* **Data segment**:
- - -
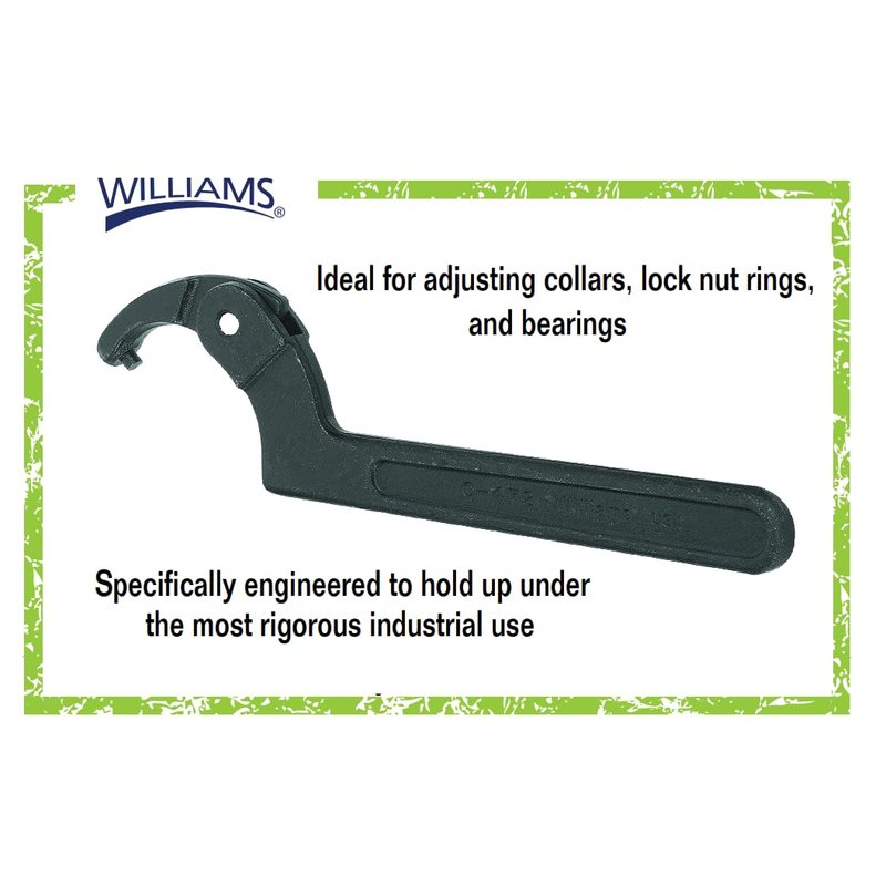Williams JHW472 Adjustable Hook Spanner Wrench with Span Diameter of 1-1/4 to 3-Inch, Ideal for Adjusting Collars, Lock Nut Rings, and Bearings
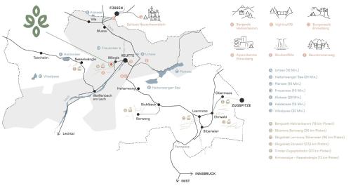 Zum Schloss Neuschwanstein gelangen Sie in 30 Fahrminuten. Nach einer 20-minütigen Fahrt erreichen Sie das Skigebiet Zugspitz Arena. Die Hängebrücke highline179, die längste Fußgänger-Hängebrücke im tibetanischen Stil, befindet sich eine 10-minütige Fahrt entfernt.
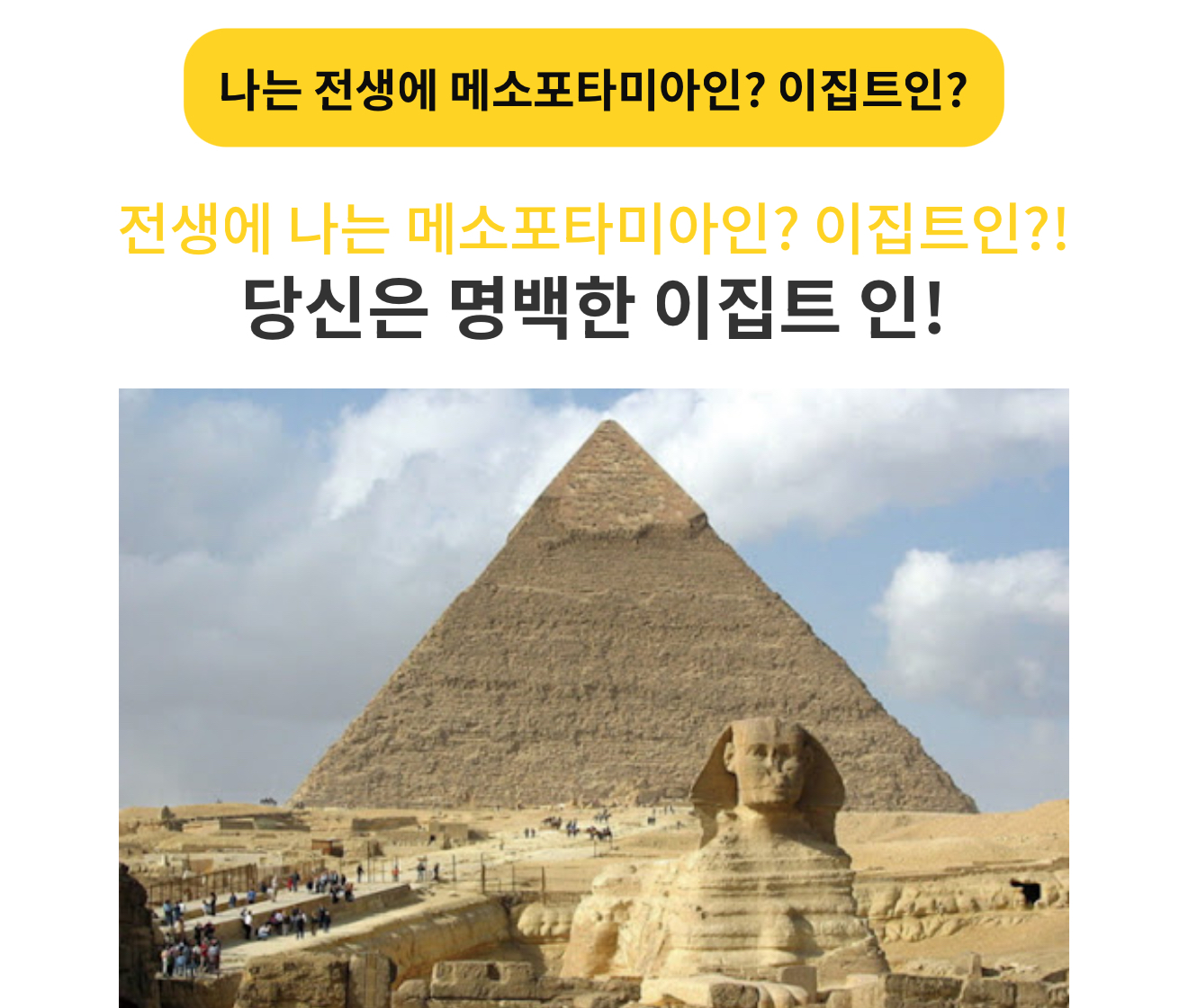 나는 전생에 메소포타미아 문명에 가까운지 아니면 이집트 문명에 가까운지 나의 성향을 알아보는 테스트를 소개드리겠습니다.
- - -
* **About this exercise**:
Locate the line containing "Zum Schloss Neuschwanstein" in the material above, then repeat it and every later line exactly, with no pictures.

* **Answer area**:
 Zum Schloss Neuschwanstein gelangen Sie in 30 Fahrminuten. Nach einer 20-minütigen Fahrt erreichen Sie das Skigebiet Zugspitz Arena. Die Hängebrücke highline179, die längste Fußgänger-Hängebrücke im tibetanischen Stil, befindet sich eine 10-minütige Fahrt entfernt.
 나는 전생에 메소포타미아 문명에 가까운지 아니면 이집트 문명에 가까운지 나의 성향을 알아보는 테스트를 소개드리겠습니다.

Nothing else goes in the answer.